Traitement / après injection d’un soluté d’articaïne adrénilée comme analgésique loco régional, un lambeau trapézoïdal mucopériosté est réalisé. Les différents racines sont séparées à l’aide d’une fraise tungstène ronde iso 2 montée sur contre angle bague rouge - les trois racines sont luxées en veillant au bon respect de l’intégrité des apex - un curetage chirurgical des alvéoles est effectué afin de limiter les tissus inflammatoires résiduels – les marges de l’os alvéolaire sont atténuées (alvéoplatie) – le lambeau mucco gingival est déplacé médialement pour recouvrir les loges alvéolaires, puis stabilisé par des points simples (monofilament résorbable 4.0).
 
Discussion
 
Suivant la classification adoptée par l’International Association of Dental Traumatology en 2012 (Anderssen) cette lésion représente un exemple de trauma dento alvéolaire de type concussion dentaire.
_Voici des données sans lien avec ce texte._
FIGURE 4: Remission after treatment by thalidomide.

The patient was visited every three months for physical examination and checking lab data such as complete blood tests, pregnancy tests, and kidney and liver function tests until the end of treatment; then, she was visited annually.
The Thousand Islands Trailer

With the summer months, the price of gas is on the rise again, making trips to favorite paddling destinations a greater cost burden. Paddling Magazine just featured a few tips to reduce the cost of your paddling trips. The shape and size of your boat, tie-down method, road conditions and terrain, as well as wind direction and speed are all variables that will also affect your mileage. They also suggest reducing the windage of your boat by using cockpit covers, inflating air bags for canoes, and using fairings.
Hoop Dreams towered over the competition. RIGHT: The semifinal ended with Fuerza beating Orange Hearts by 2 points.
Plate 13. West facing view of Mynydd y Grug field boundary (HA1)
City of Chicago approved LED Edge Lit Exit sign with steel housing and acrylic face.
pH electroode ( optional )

La compression de la dent par le choc est associée à une compression vasculaire au niveau du faisceau vasculaire périapical. La lésion est de nature inflammatoire et non infectieuse. Elle évolue plus ou moins rapidement suivant la sévérité du choc et l’âge du patient. Plus le volume de pupe dentaire est important (animal jeune) et plus la sévérité de la phase inflammatoire post nécrose est sévère. Une surinfection bactérienne apparait avec le temps suivant le processus d’anachorèse. La lésion engage l’os alvéolaire et le ligament parodontal de façon secondaire avec sur la forme aigüe la formation d’un abcès et d’une fistule de drainage au sein de la trame osseuse la plus adaptée (facial, oral, nasal ou périorbitaire). Dans ce cas clinique on observe plusieurs types de trajet de fistule suivant la racine concernée.
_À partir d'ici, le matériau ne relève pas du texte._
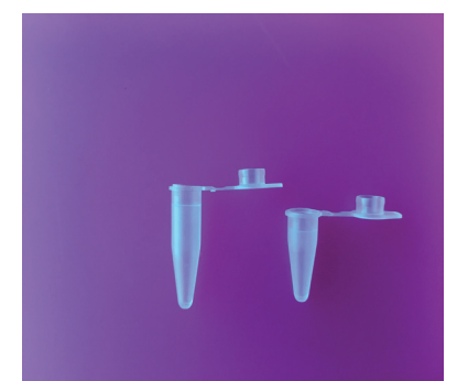
B77301 & B77201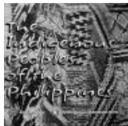
The Indigenous Peoples of the Philippines (Philippines)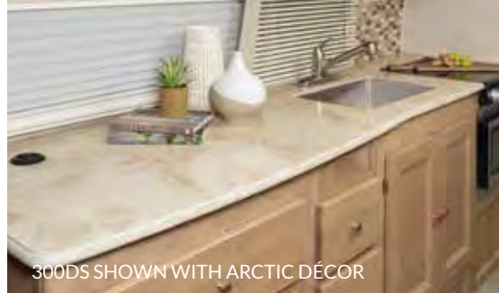
300DS SHOWN WITH ARCTIC DÉCOR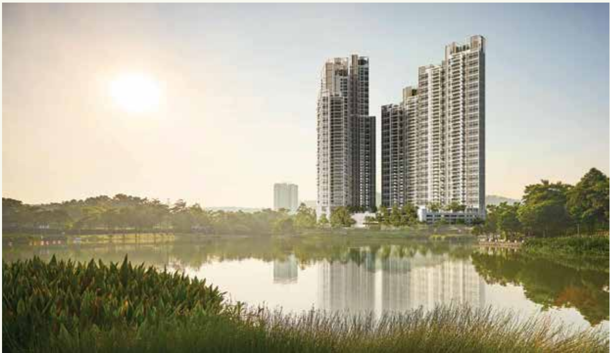
Park Regent @ Desa ParkCity Cloudvest Sdn Bhd Contract Sum : Rm 500k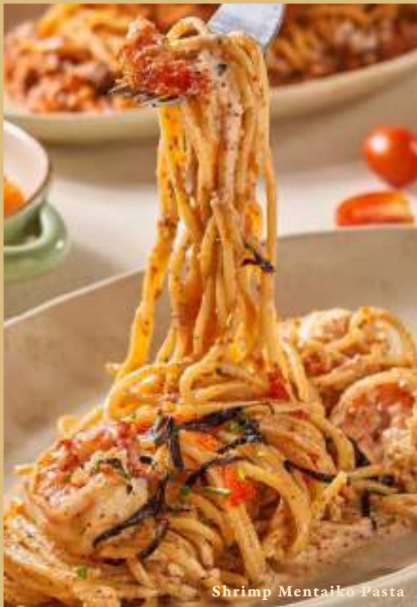
Shrimp Mentaiko Pasta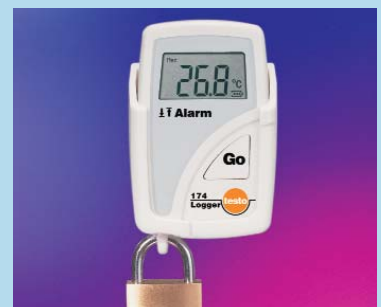
With wall holder and lock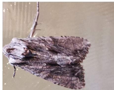
Can you identify this?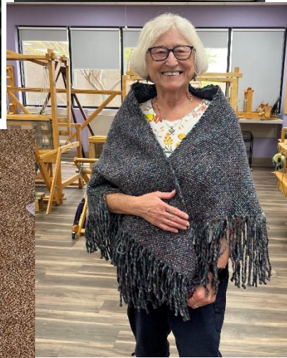
Above and to the Left: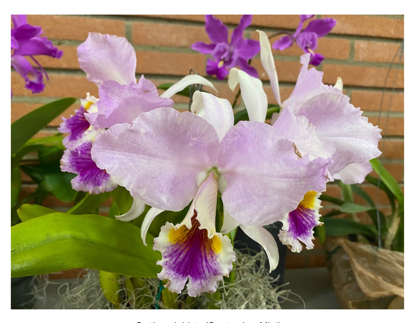
Cattleya labiata 'September Mist'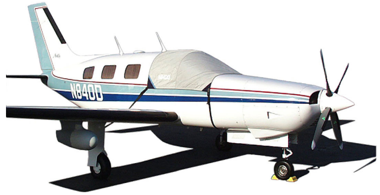
Piper Malibu/Mirage Windshield Cover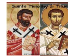
Saint Timothy and Titus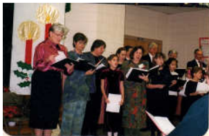
Channing choir, Christmas 2000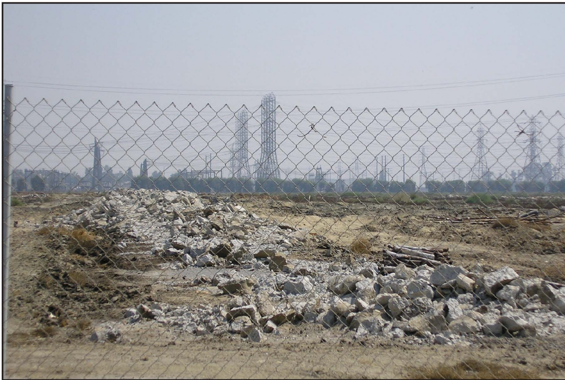
Photograph 7: Looking easterly at concrete debris in empty field and electrical substation in background.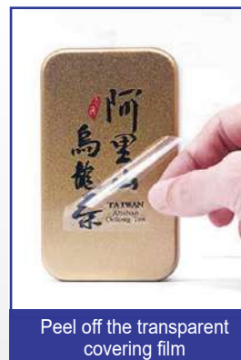
Peel off the transparent covering film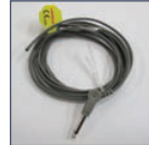
Temperature Probe (Rectal/Esophageal) Item Code: TEM-PRV-R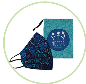
Full Color Pouch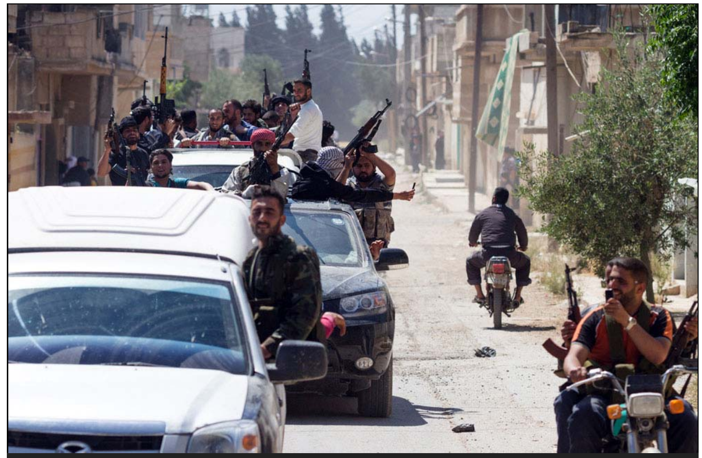
Member of the Free Syrian Army's "Freedom for the River Assi Brigade" return to Qusayr after an attack on Syrian regime forces in the village of Nizareer, on May 12, 2012. # \Box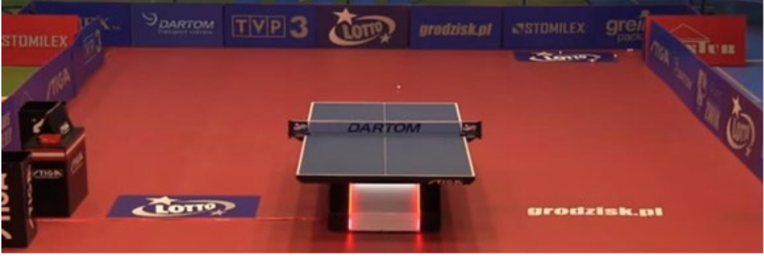
Example show court with BBGs zones

Playing field with designated zones for BBGs.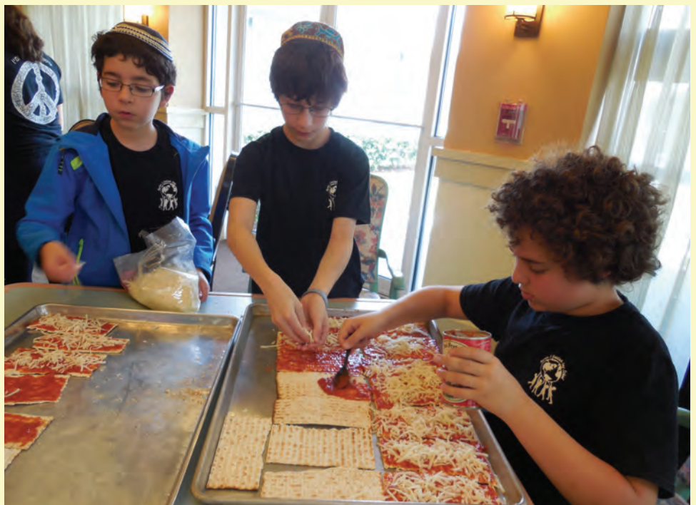
6th grade students prepare matzah pizza.

Before the tasting began, we shared favorite memories of seders past, and the nostalgia was an enjoyable experience. We thoroughly enjoy our activities with the students and have developed a terrific relationship with them.

Le traitement conservateur d’un traumatisme dento alvéolaire comprend la stabilisation de la dent affectée (gestion parodontale) couplée d’un traitement canalaire (gestion endodontique). Le traitement de contention est poursuivi sur 3 semaines et permet une bonne rémission de l’ostéite et une régénération du ligament parodontal.
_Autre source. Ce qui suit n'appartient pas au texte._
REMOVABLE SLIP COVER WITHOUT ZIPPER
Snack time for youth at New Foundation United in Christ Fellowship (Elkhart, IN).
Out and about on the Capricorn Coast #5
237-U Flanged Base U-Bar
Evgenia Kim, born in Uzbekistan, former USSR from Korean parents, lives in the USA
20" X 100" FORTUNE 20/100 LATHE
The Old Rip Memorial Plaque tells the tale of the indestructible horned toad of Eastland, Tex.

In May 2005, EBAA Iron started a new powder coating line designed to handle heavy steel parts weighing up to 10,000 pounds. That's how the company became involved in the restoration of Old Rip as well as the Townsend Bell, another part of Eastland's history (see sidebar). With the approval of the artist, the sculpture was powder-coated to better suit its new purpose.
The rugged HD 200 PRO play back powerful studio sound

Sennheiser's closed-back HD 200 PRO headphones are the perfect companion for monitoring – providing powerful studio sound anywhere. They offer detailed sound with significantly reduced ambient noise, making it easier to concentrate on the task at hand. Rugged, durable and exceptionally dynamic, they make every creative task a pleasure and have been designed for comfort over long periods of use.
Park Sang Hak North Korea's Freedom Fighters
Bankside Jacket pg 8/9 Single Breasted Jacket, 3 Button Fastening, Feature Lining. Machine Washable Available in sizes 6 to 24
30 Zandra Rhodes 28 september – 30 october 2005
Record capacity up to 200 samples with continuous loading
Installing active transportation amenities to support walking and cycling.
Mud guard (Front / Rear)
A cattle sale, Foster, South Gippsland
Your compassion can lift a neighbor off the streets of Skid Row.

Pour ce cas clinique, un traitement conservateur n’a pu être engagé compte tenu de l’avancée des lésions inflammatoires au niveau des racines dentaires. Celui-ci aurait tout de même permis la cicatrisation des lésions alvéolaires et ligamentaires mais n’aurait pas suffi à limiter ou arrêter la progression des résorptions radiculaires avec sous 1 à 3 ans une perte de support mécanique de la couronne dentaire et surtout la persistance pendant cette période d’un statu algique résiduel à bas bruit.
 
La concussion est une forme sournoise de traumatisme dentoalvéolaire. Ce cas clinique souligne l’importance du délai de prise en charge des traumas dentaires. Les commémoratifs d’algie faciale (prurit, dysorexie, modification de la préhension orale, larmoiement,..) doivent être mise en relation avec un éventuel trauma, une lésion orale supra gingivale, une fistule faciale. Un examen radiologique dentaire permet alors la plupart du temps de confirmer l’existence d’une lésion intra osseuse active d’origine dentaire. En cas de doute il est toujours recommandé d’engager un bilan dentaire à court terme.